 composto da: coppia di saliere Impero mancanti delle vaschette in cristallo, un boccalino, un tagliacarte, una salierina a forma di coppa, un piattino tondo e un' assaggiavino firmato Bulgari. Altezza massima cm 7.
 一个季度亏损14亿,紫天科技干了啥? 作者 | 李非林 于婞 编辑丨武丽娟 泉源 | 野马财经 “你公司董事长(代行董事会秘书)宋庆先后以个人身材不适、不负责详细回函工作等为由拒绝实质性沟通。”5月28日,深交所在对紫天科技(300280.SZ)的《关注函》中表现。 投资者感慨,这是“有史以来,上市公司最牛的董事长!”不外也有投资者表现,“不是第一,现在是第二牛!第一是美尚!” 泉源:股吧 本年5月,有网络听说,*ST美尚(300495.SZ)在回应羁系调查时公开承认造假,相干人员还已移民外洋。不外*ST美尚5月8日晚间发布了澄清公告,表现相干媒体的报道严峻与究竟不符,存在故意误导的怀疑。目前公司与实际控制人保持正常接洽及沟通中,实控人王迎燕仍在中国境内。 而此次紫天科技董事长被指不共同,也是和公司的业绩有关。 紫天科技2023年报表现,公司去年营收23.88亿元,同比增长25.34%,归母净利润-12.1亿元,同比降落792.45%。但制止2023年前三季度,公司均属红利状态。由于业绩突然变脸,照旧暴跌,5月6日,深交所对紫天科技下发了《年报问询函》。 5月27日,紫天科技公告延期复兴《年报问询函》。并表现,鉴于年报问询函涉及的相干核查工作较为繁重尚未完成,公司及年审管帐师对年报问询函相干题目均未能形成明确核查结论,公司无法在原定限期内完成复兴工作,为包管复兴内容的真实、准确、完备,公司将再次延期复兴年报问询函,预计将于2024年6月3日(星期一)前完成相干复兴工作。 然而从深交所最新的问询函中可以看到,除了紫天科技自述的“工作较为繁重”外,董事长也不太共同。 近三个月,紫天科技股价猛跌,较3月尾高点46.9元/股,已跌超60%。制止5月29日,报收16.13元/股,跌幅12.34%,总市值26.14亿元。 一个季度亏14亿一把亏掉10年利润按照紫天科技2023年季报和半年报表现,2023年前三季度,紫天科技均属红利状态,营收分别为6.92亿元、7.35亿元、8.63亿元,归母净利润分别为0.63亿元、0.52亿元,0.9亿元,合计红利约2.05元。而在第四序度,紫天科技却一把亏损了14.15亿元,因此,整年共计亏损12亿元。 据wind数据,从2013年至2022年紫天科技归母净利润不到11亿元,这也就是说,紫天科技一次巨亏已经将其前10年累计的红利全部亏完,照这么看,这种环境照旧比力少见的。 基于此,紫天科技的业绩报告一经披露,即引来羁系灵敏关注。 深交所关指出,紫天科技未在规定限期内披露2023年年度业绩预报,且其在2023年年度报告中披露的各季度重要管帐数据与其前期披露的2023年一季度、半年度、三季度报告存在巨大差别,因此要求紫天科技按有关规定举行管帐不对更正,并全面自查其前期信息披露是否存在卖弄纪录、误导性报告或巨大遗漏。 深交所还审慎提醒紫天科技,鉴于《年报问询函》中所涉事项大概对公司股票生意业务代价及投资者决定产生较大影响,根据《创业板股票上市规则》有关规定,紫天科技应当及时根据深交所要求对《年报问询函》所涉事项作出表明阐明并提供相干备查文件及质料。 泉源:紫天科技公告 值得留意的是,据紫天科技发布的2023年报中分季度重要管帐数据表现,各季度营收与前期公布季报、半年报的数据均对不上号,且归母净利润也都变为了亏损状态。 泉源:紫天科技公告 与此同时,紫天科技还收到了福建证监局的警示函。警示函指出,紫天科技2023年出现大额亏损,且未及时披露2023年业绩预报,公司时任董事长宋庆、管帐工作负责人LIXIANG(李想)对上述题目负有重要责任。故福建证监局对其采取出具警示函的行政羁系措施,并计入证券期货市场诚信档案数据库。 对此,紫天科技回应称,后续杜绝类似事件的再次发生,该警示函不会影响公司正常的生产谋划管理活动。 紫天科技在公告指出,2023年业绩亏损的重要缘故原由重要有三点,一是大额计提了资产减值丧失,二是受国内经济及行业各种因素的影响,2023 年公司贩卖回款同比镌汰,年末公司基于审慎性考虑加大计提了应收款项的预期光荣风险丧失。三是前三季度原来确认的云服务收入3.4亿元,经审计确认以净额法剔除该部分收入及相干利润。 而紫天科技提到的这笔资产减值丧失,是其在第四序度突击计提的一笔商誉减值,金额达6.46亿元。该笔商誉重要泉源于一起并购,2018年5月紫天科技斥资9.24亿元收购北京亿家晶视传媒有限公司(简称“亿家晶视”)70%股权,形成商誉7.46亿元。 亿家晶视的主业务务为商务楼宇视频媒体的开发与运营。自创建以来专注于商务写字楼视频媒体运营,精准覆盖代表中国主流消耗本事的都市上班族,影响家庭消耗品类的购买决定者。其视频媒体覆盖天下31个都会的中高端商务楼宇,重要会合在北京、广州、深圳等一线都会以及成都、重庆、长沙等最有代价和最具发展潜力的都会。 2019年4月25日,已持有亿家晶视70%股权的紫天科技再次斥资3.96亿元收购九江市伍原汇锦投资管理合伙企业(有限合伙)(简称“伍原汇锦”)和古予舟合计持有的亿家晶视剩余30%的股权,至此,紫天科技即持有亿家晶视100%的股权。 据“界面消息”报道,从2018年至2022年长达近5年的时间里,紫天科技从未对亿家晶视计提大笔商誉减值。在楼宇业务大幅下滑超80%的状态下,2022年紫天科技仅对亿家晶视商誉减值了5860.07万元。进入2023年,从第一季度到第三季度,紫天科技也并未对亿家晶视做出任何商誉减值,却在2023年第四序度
==
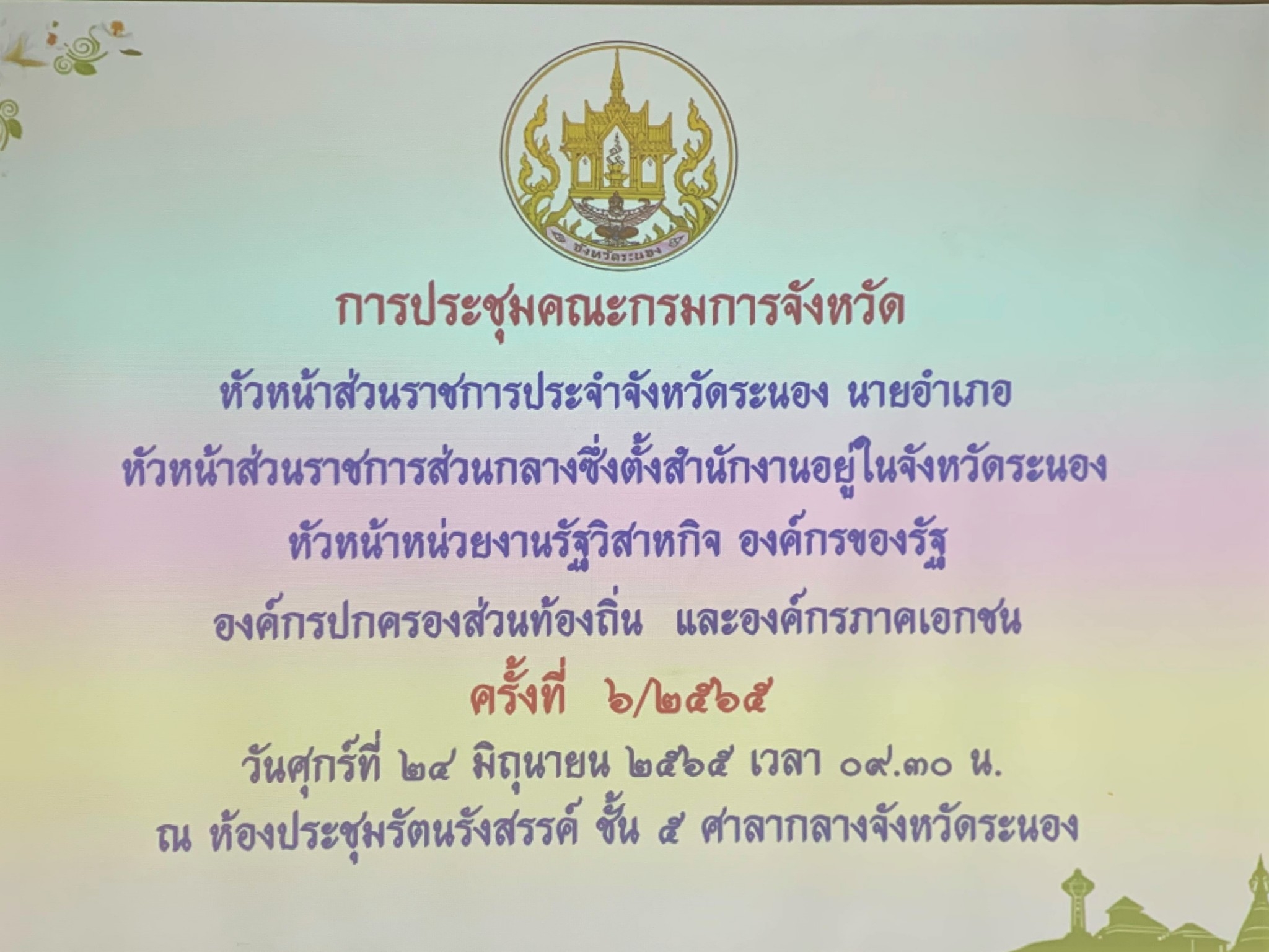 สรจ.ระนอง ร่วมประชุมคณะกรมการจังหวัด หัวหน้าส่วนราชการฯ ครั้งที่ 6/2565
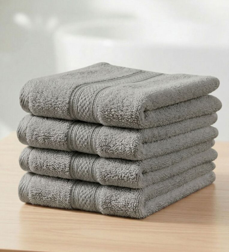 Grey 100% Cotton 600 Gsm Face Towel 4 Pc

## Activity
Pictures do not belong in the answer. Return the lines above starting at the one with "สรจ.ระนอง ร่วมประชุมคณะกรมการจังหวัด หัวหน้าส่วนราชการฯ" and ending at the one with "Grey 100% Cotton 600 Gsm Face Towel 4 Pc", both kept, exactly.

## Result of the exercise
 สรจ.ระนอง ร่วมประชุมคณะกรมการจังหวัด หัวหน้าส่วนราชการฯ ครั้งที่ 6/2565
 Grey 100% Cotton 600 Gsm Face Towel 4 Pc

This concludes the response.